The Ontario government and ONTC management have acted quickly to quash any talk that the ONR could be sold to a James Bay native council.
Mike Feenstra, Director of Communications for Michael Gravelle, Minister of Northern Development and Mines told BayToday in an email that, “On April 4, 2014, after extensive work with the Minister’s Advisory Committee on the ONTC, Minister Gravelle announced the government would keep the ONTC in public hands and operations would be transformed. As a result, 4 of the 5 lines of business (Onterra has been sold to Bell Aliant) are being kept in public hands under the management of the ONTC. This statement from Minister Gravelle reaffirms this decision:
“Our government has been clear – ONTC’s motor coach, Polar Bear Express, rail freight, and refurbishment services will remain in public hands. We remain steadfast in our commitment to ensure sustainable employment, continued economic growth, and a strong transportation network in northeastern Ontario through transformation of the ONTC.”

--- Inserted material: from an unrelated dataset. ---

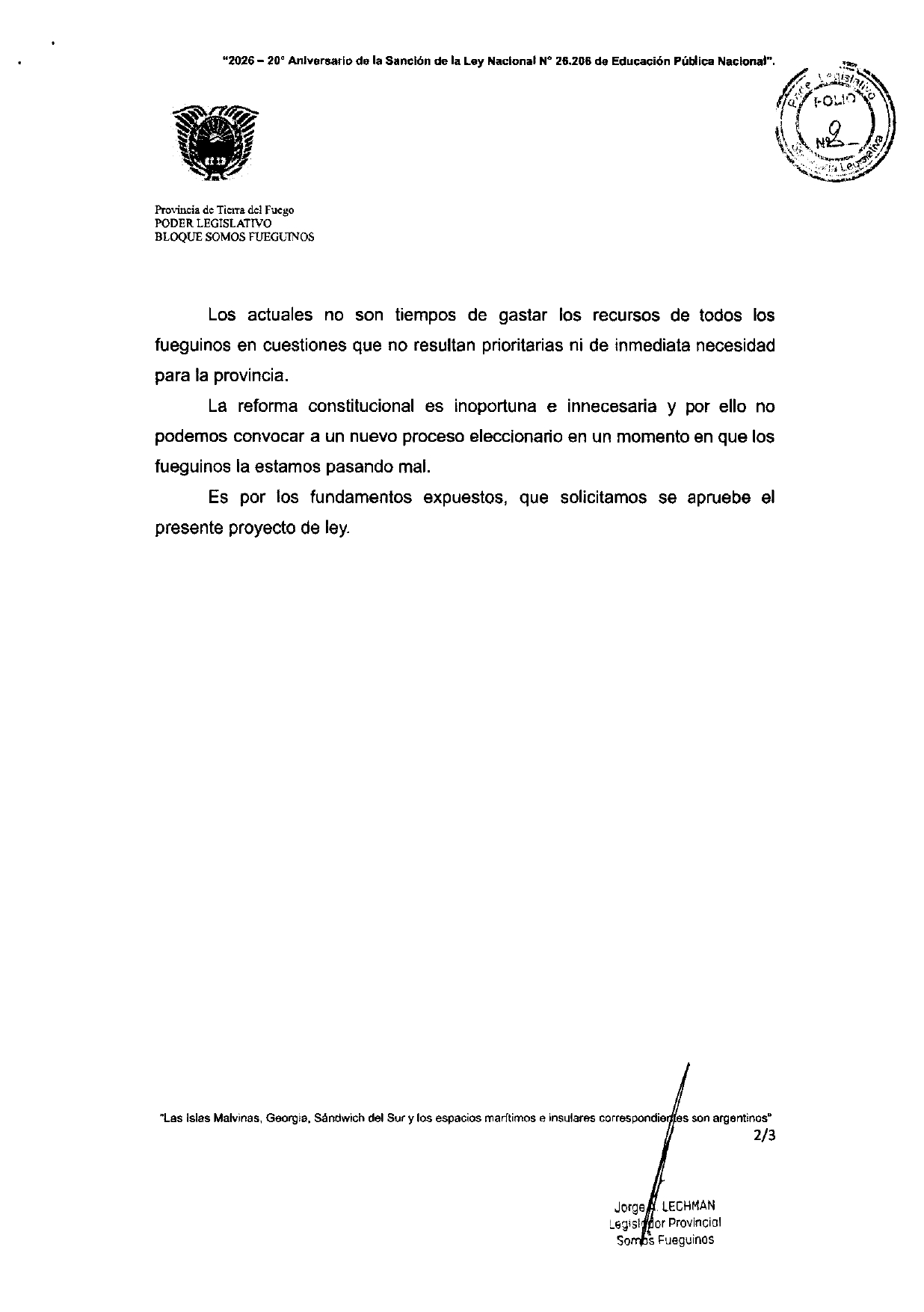 La iniciativa de Lechman ratifica la desconexión total entre las prioridades de la "clase política" gobernante y las necesidades de un pueblo que lucha por llegar a fin de mes. Tierra del Fuego no necesita una constitución a medida de un dirigente; necesita herramientas para defender su industria, su integridad territorial, la soberanía de las Islas Malvinas, los recursos naturales del Atlántico Sur y su gobernanza y legado antártico.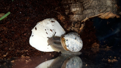 Die gefundene Schnecke hat ein weißes, ziemlich brüchig aussehendes Haus, als hätte er Kalkablagerungen drauf. Wir vermuteten, dass die wegen Kalkmangel an ihrem Haus geknabbert hat und haben die erstmal aufgenommen und viel Sepia, Wasser, etwas Gurke und Heilerde gegeben.

And Interim CEO of Ontario Northland Corina Moore confirmed it to BayToday. “The province has been clear that Ontario Northland’s rail operations will remain in public hands. Transformation is underway at Ontario Northland. We are focused on reshaping the organization in order to be sustainable so we can continue to provide vital transportation services to northeastern Ontario.”
Mushkegowuk Grand Chief Lawrence Martin, says his council is studying the idea of partnering with a southern Ontario rail company, TGR Rail Canada, to buy the rail division of Ontario Northland.
The goal would be to expand rail service on the James Bay coast and even serve the Ring Of Fire chromite development eventually.
Mushkegowuk represents the First Nations Communities along the James Bay coast.
Meanwhile, Nipissing MPP Vic Fedeli supports the idea of expanding the ONR to James Bay.
“When I first ran as MPP I felt extending the railway up into James Bay to a port was a credible concept no matter who does it. My philosophy on rail to ship has not changed.
“If you do that you can have goods that are manufactured in southern Ontario, and in the north, brought up by Ontario Northland rail, which in my opinion enhances the value of Ontario Northland.
“I’m not suggesting the deal with the Mushkegowuk is good or bad, I’m suggesting that extending the railway to James Bay is something I’ve advocated for four years.
Fedeli says extending Ontario Northland all the way up to the coast makes sense, bringing products through the Polar Route.
“It (the port) is either going to end up in Churchill Manitoba, and they’ll get the business, or we can build a deep water port in James Bay that could accept goods from Ontario Northland,” Fedeli added.
“Shipping goods by rail that are manufactured in Canada up by Ontario Northland to the coast would be a real boost to Ontario Northland and I’ve been fighting for that since 2011. No matter what happens we’ve got to insist that Ontario Northland be invited to the Ring of fire table.”